↓

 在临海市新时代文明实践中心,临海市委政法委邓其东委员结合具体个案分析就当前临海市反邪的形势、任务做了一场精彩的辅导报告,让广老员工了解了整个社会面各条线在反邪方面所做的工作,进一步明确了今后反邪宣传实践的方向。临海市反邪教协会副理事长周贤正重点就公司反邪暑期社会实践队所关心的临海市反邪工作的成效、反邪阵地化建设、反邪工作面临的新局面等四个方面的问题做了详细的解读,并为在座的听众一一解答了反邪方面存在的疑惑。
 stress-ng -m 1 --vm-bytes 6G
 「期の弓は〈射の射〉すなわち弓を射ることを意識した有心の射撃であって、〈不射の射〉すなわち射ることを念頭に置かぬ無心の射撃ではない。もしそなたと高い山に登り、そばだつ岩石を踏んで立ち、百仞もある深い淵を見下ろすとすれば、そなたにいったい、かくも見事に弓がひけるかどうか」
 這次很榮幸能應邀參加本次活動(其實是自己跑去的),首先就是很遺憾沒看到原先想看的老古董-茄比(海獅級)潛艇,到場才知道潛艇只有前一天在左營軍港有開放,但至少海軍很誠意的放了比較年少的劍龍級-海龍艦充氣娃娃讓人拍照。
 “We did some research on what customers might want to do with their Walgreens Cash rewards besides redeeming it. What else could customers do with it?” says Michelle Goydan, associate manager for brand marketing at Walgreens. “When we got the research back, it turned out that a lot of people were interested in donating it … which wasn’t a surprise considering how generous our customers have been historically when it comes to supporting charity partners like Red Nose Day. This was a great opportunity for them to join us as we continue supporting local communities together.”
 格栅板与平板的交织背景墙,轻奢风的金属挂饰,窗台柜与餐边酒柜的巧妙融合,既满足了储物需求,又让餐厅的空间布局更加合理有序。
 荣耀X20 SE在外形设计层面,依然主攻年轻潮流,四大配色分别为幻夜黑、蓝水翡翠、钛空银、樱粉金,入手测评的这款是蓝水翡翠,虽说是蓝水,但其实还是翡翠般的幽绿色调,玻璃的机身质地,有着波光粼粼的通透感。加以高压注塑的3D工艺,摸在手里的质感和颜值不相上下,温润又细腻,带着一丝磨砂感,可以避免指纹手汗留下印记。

↑

- _PROBLEM TO SOLVE_: An exact transcription of all the material above is the expected answer.

- _SOLUTION TO THIS PROBLEM_:
 在临海市新时代文明实践中心,临海市委政法委邓其东委员结合具体个案分析就当前临海市反邪的形势、任务做了一场精彩的辅导报告,让广老员工了解了整个社会面各条线在反邪方面所做的工作,进一步明确了今后反邪宣传实践的方向。临海市反邪教协会副理事长周贤正重点就公司反邪暑期社会实践队所关心的临海市反邪工作的成效、反邪阵地化建设、反邪工作面临的新局面等四个方面的问题做了详细的解读,并为在座的听众一一解答了反邪方面存在的疑惑。
 stress-ng -m 1 --vm-bytes 6G
 「期の弓は〈射の射〉すなわち弓を射ることを意識した有心の射撃であって、〈不射の射〉すなわち射ることを念頭に置かぬ無心の射撃ではない。もしそなたと高い山に登り、そばだつ岩石を踏んで立ち、百仞もある深い淵を見下ろすとすれば、そなたにいったい、かくも見事に弓がひけるかどうか」
 這次很榮幸能應邀參加本次活動(其實是自己跑去的),首先就是很遺憾沒看到原先想看的老古董-茄比(海獅級)潛艇,到場才知道潛艇只有前一天在左營軍港有開放,但至少海軍很誠意的放了比較年少的劍龍級-海龍艦充氣娃娃讓人拍照。
 “We did some research on what customers might want to do with their Walgreens Cash rewards besides redeeming it. What else could customers do with it?” says Michelle Goydan, associate manager for brand marketing at Walgreens. “When we got the research back, it turned out that a lot of people were interested in donating it … which wasn’t a surprise considering how generous our customers have been historically when it comes to supporting charity partners like Red Nose Day. This was a great opportunity for them to join us as we continue supporting local communities together.”
 格栅板与平板的交织背景墙,轻奢风的金属挂饰,窗台柜与餐边酒柜的巧妙融合,既满足了储物需求,又让餐厅的空间布局更加合理有序。
 荣耀X20 SE在外形设计层面,依然主攻年轻潮流,四大配色分别为幻夜黑、蓝水翡翠、钛空银、樱粉金,入手测评的这款是蓝水翡翠,虽说是蓝水,但其实还是翡翠般的幽绿色调,玻璃的机身质地,有着波光粼粼的通透感。加以高压注塑的3D工艺,摸在手里的质感和颜值不相上下,温润又细腻,带着一丝磨砂感,可以避免指纹手汗留下印记。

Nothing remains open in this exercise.